Root: The most privileged account in the system. The root user has access to all files, directories, processes, and settings in the system.
Sudo: Sudo users are similar to regular users, with the exception that the root user may grant the sudo user greater access and rights to certain files and applications. By default, sudo users can execute commands with root privileges.
Linux Boot Process
- BIOS: Basic Input/Output System loads and executes the master boot record boot loader.
- MBR: The Master Boot Record (MBR) is the first sector of a hard disk and contains data from partitions on the drive as well as the Grub boot loader.
- Grub: Grand Unified Bootloader, Linux distros that is the standard bootloader in many Linux distros and allows the user to select the operating system and kernel to boot the system.
- Kernel: The first program loaded after the bootloader, it enables operating system loading and establishes communication with I/O devices (mouse, keyboard, etc.).
- Init: Runs with root privileges and has the lowest ID (PID1). Its job is to start every consecutive process.
- Run Level: An operation that does not necessitate high-level authorization. Root privileges are no longer required after the system boots, and processes operate with lower-level rights.
Grub: By pressing “e” during boot, the user can access and edit Grub’s settings, including the init process. Changing ro_quiet splash to rw init=/bin/bash configures init as read-write and runs the default shell. Booting using cntrl+x or F10 allows access to the “Rescue shell.”
Rescue Shell: Within the shell, the following commands are used to create a user with admin privileges for further use:
adduser [username] -creates a user.
adduser [username] sudo: adds a user to the “sudo” group.
sync: writes files in memory for persistent storage.
reboot-f forces the system to reboot.
Another way of bypassing the system is mounting, which gives the user access to the computer’s file system. An ISO is needed to load a live OS to access a shell. In the live OS, the fdisk -l command is run to specify the computer’s storage and help choose the relevant partition.
Mount [partition] [location] is the command to link the specified location to the chosen partition.
Adding a Sudo User
Once mounted in /mnt, the folder will be linked to the specified partition to obtain access to it. Mount –rbind [source] [directory] recursively binds the source to a destination.
The final step is to add a user and sync it to the computer’s storage. Then disconnect the ISO and reboot the system. Mount –rbind /root root/ links the live root’s directory to the partitioned root folder.

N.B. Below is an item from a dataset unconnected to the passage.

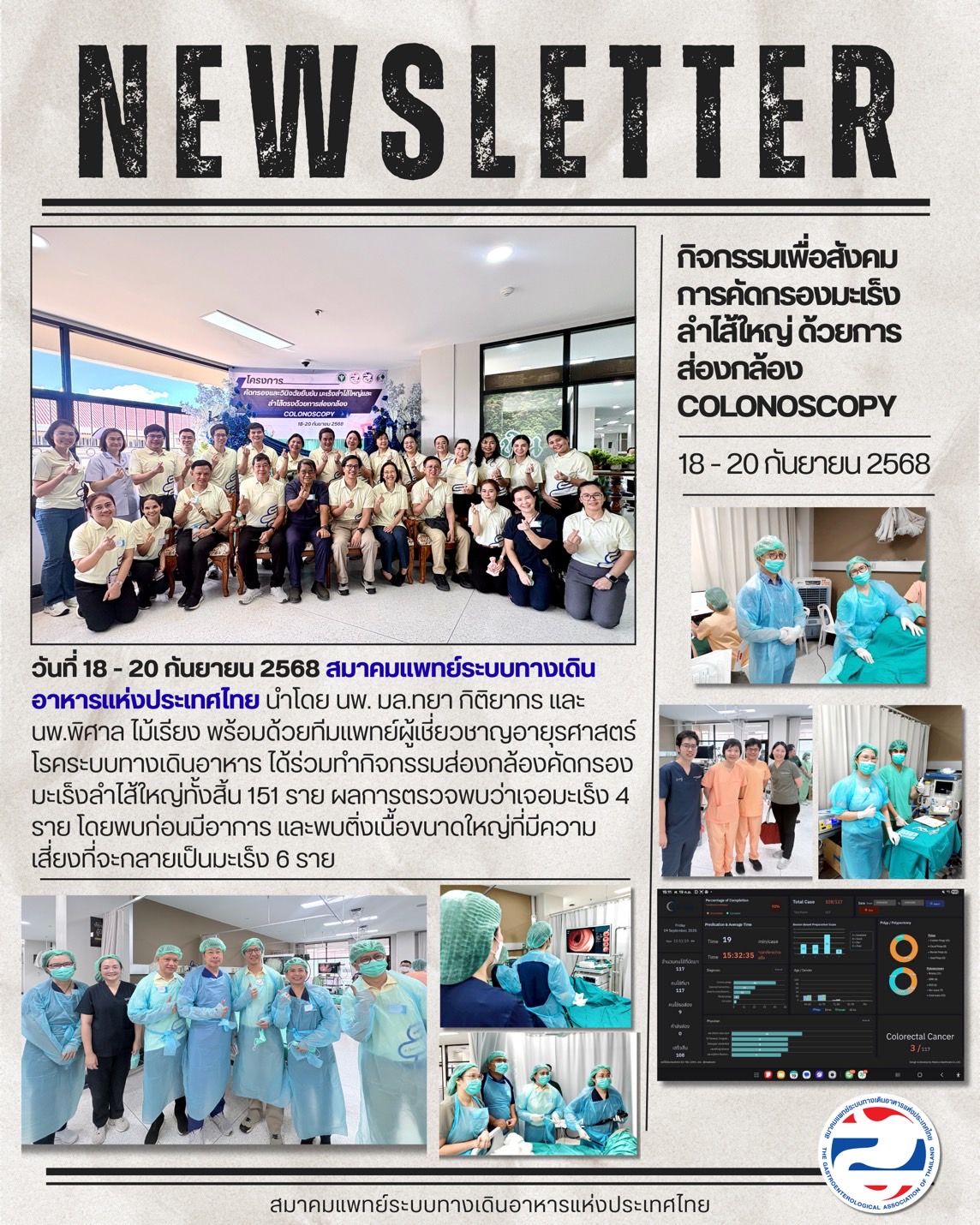 สมาคมแพทย์ระบบทางเดินอาหารแห่งประเทศไทย นำโดย นพ. มล.ทยา กิติยากร และ นพ.พิศาล ไม้เรียง พร้อมด้วยทีมแพทย์ผู้เชี่ยวชาญอายุรศาสตร์โรคระบบทางเดินอาหาร ได้ร่วมทำกิจกรรมส่องกล้องคัดกรองมะเร็งลำไส้ใหญ่ทั้งสั้น 151 ราย ผลการตรวจพบว่าเจอมะเร็ง 4ราย โดยพบก่อนมีอาการ และพบติ่งเนื้อขนาดใหญ่ที่มีความเสี่ยงที่จะกลายเป็นมะเร็ง 6 ราย

Chroot /mnt changes the root folder to the mounted partition.
Linux File System
The ‘passwd’ file contains all the system’s user account data and essential information required during login. The data in /etc/passwd is saved as plain text.
Note: A password file is a readable text file, not like the shadow file, which can only be read at the root level.
/etc/shadow: The ‘shadow’ file stores user passwords in a hashed format generated by an algorithm such as MD5 or Sha-512.
Passwd File Format
Command: cat /etc/passwd
root:x:0:0:root: /root: /bin/bash
x: An indicator that the password is in /etc/shadow
0: User ID
0: User primary group ID
root: Comment area for extra information
/root: Home directory path
/bin/bash: Command/Shell that runs upon user login.
Shadow File Format
Command: cat /etc/shadow
$6$: Algorithm used ($6$ is Sha-512)
7No.KsXalrV…WcBShvdxcAg: The hashed password
0:99999 :7 : Min: Max days left before the user can change the password.
:::: Number of days to warn users before a password expires.
Password Cracking Methods
Wordlist: This method, also known as a “dictionary attack,” compares a password’s hash to a dictionary of known passwords. The downside is that the attack will fail if the password is not on the list.
Hybrid: similar to a wordlist attack but uses an algorithm to try different password variations. The method achieves the best results when custom wordlists are employed.
Brute-Force: Recommended only as a last resort, the method tries every possible combination and length provided by the user. Brute-force attacks will eventually succeed but, in some cases, can take years.
John the Ripper
John the Ripper is a Linux password cracking tool with many attack capabilities.
Unshadow: a function for cracking that mixes the ‘passwd’ and ‘shadow’ files. John [filename]: starts and attacks against a given file.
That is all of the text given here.